• THE TASK
Take the data below and copy exactly the lines starting at the one with "(openPR) (Köln /" and finishing at the one with "歡迎來到 The Hideaway,這是一個為創意人士、音樂家和尋求靜靜靈感的人而設計的沙漠度假勝地。", both included.

• RECORDS PROVIDED
----

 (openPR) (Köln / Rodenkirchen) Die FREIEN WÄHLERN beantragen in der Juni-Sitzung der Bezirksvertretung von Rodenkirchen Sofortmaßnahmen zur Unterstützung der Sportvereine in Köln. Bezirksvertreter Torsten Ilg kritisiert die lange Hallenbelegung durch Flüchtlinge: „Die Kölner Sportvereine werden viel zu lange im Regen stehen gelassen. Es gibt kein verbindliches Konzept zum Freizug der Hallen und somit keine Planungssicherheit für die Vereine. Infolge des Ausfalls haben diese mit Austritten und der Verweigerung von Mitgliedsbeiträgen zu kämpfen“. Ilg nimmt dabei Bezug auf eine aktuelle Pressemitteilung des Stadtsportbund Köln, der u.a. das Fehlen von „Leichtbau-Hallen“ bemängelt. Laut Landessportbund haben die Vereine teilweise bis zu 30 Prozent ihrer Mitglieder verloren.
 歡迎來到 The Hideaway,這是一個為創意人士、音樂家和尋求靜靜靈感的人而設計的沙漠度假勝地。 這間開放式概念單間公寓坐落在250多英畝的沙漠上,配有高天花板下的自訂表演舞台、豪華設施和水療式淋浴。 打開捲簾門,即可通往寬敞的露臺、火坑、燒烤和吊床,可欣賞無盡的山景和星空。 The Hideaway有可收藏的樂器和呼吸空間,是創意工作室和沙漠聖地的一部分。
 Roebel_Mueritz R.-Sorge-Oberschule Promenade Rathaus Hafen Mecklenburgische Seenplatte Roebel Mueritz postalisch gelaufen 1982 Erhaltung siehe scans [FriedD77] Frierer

----

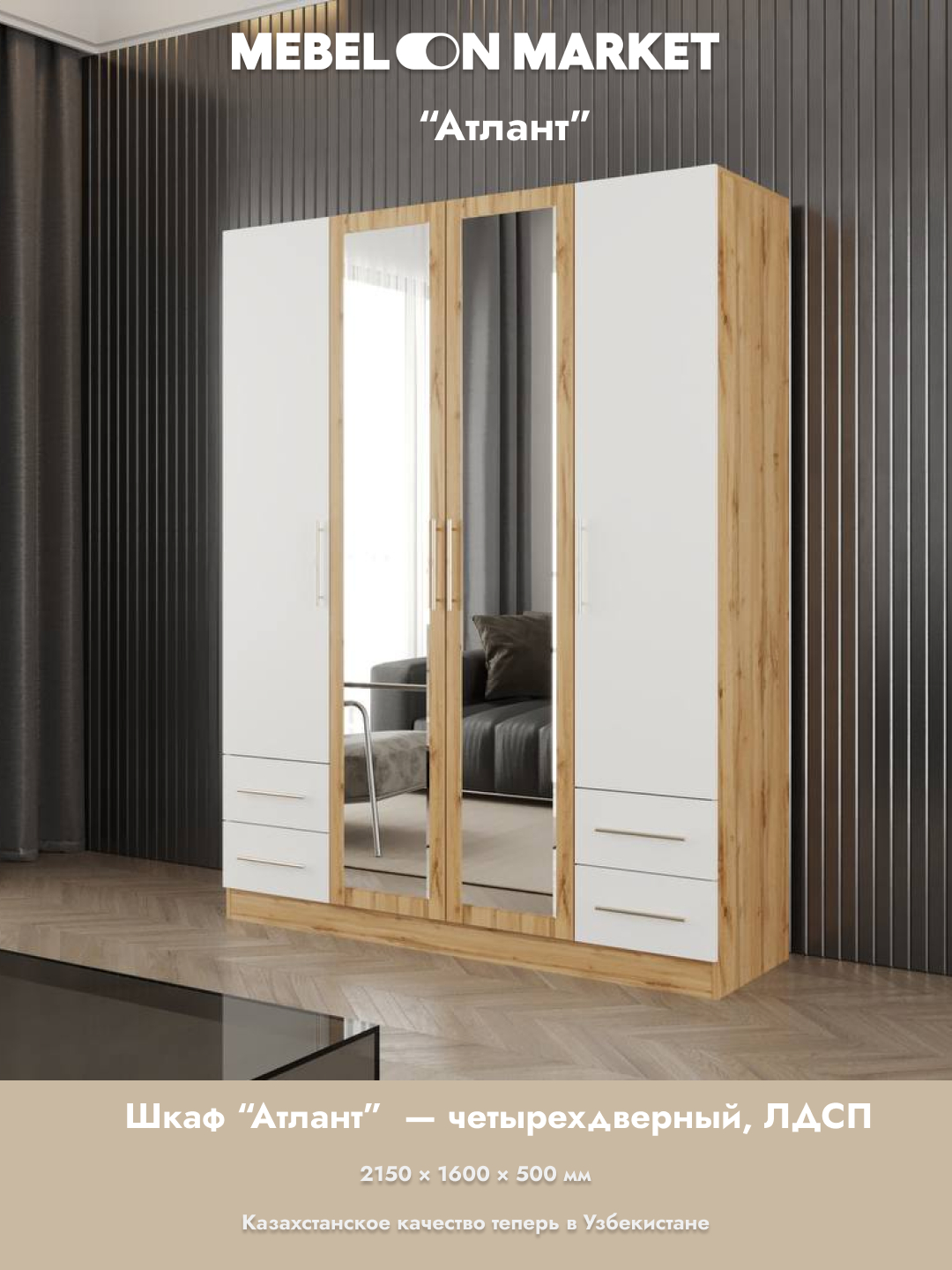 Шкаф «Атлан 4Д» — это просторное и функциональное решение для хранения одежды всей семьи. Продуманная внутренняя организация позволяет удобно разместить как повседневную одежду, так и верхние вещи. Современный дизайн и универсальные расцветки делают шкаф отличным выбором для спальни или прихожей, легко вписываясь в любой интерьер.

----

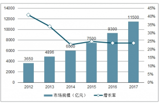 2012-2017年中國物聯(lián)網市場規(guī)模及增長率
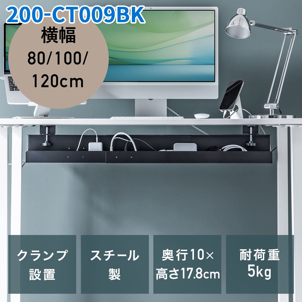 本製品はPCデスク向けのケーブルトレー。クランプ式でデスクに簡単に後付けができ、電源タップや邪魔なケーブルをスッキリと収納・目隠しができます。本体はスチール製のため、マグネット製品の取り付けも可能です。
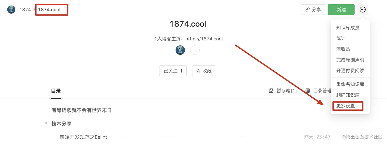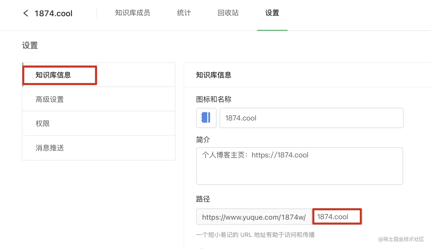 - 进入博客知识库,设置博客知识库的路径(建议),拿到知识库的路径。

----

• SOLUTION TO THIS TASK
 (openPR) (Köln / Rodenkirchen) Die FREIEN WÄHLERN beantragen in der Juni-Sitzung der Bezirksvertretung von Rodenkirchen Sofortmaßnahmen zur Unterstützung der Sportvereine in Köln. Bezirksvertreter Torsten Ilg kritisiert die lange Hallenbelegung durch Flüchtlinge: „Die Kölner Sportvereine werden viel zu lange im Regen stehen gelassen. Es gibt kein verbindliches Konzept zum Freizug der Hallen und somit keine Planungssicherheit für die Vereine. Infolge des Ausfalls haben diese mit Austritten und der Verweigerung von Mitgliedsbeiträgen zu kämpfen“. Ilg nimmt dabei Bezug auf eine aktuelle Pressemitteilung des Stadtsportbund Köln, der u.a. das Fehlen von „Leichtbau-Hallen“ bemängelt. Laut Landessportbund haben die Vereine teilweise bis zu 30 Prozent ihrer Mitglieder verloren.
 歡迎來到 The Hideaway,這是一個為創意人士、音樂家和尋求靜靜靈感的人而設計的沙漠度假勝地。 這間開放式概念單間公寓坐落在250多英畝的沙漠上,配有高天花板下的自訂表演舞台、豪華設施和水療式淋浴。 打開捲簾門,即可通往寬敞的露臺、火坑、燒烤和吊床,可欣賞無盡的山景和星空。 The Hideaway有可收藏的樂器和呼吸空間,是創意工作室和沙漠聖地的一部分。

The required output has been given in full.